Ubuntu and Debian-based Systems (apt)
Add the Enpass repository to your apt sources:
$ echo "deb https://apt.enpass.io/ stable main" | sudo tee /etc/apt/sources.list.d/enpass.list
Import the signing key:
$ wget -O - https://apt.enpass.io/keys/enpass-linux.key | sudo tee /etc/apt/trusted.gpg.d/enpass.asc
Install Enpass:
$ sudo apt-get update
$ sudo apt-get install enpass
RPM-based Systems (yum — CentOS, Fedora, RHEL)
Add the Enpass yum repository:
$ cd /etc/yum.repos.d/
$ sudo wget https://yum.enpass.io/enpass-yum.repo
Install Enpass:
$ sudo yum install enpass
openSUSE
Download and import the Enpass signing key:
# wget https://yum.enpass.io/RPM-GPG-KEY-enpass-signing-key
# rpm --import RPM-GPG-KEY-enpass-signing-key
Add the repository and install:
# zypper ar -f -c https://yum.enpass.io/stable/x86_64/ Enpass
# zypper update
# zypper install enpass
Deploying via UEM/MDM
While app configuration keys are not supported on Linux, the Enpass package can be deployed to managed Linux endpoints using your endpoint management tooling.
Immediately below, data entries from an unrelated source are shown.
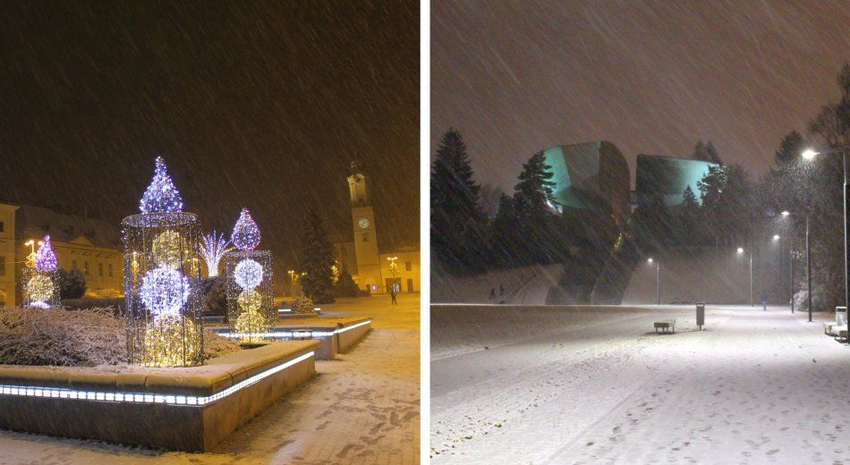 Galéria k článku Zimná idylka v uliciach Bystrice: Mesto zahalila prvá snehová prikrývka, FOTO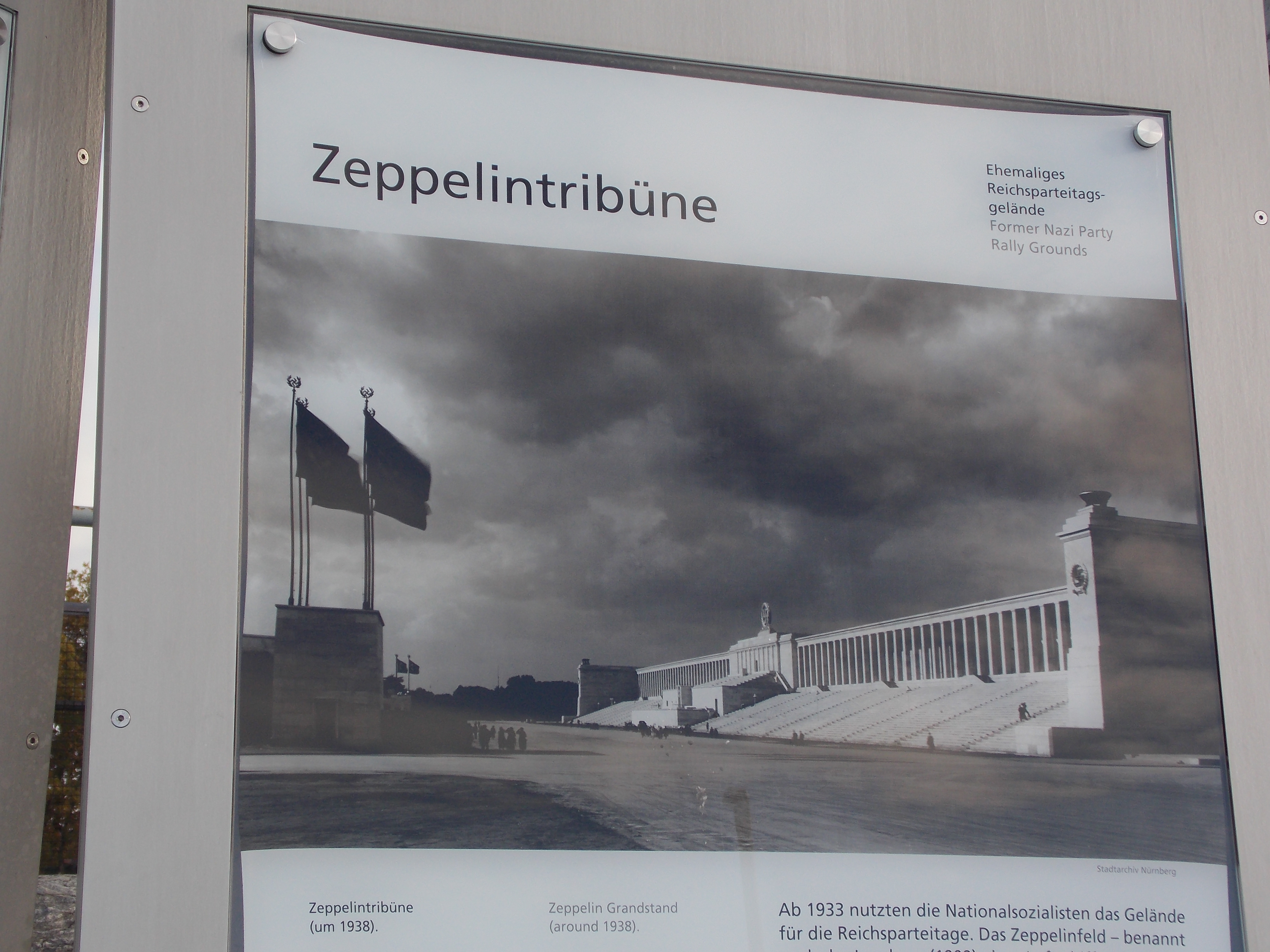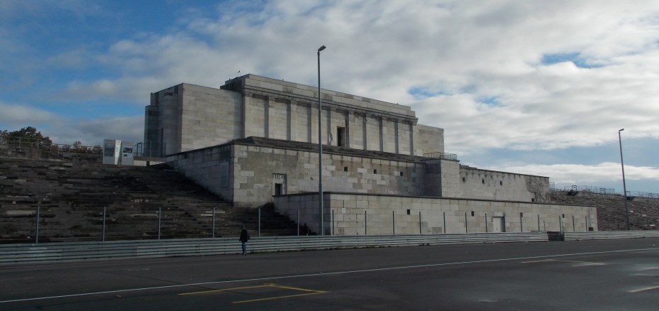 I climbed up the stairs to the presentation stand, paused a moment, and walked out onto the platform where Hitler used to speak. We’ve all seen pictures and video of those rallies, more than 300 huge swastika flags waving in the wind, the little man saluting 250,000 of his lemmings. All kinds of thoughts go through your mind standing there. How does one evil man get so many disenfranchised young men to follow him? How could this have happened, and are we really sure it can never happen again?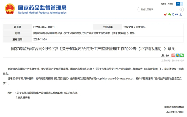 國家藥監局公開征求《關于加強藥品受托生產監督管理工作的公告(征求意見稿)》意見
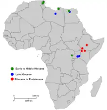 Other remains of Euthecodon are known from the Miocene Beglia Formation (Tunisia),[11] Early Miocene Rusinga Island (Lake Victoria),[7] the Albertine Rift (Congo),[12][13] Ombo (Kenya) [14][7] and the Messinian to Zanclean Sahabi Formation (Libya).[11][6][15] Despite this abundance in northern Africa around the Mediterranean, no fossils of Euthecodon have ever been found outside Africa.

The installation commands from the sections above can be wrapped in scripts and pushed via tools such as Ansible, Chef, Puppet, or the Microsoft Intune Linux agent.
The general approach is to script the repository addition and package installation steps for your target distribution and execute them as part of your standard provisioning workflow.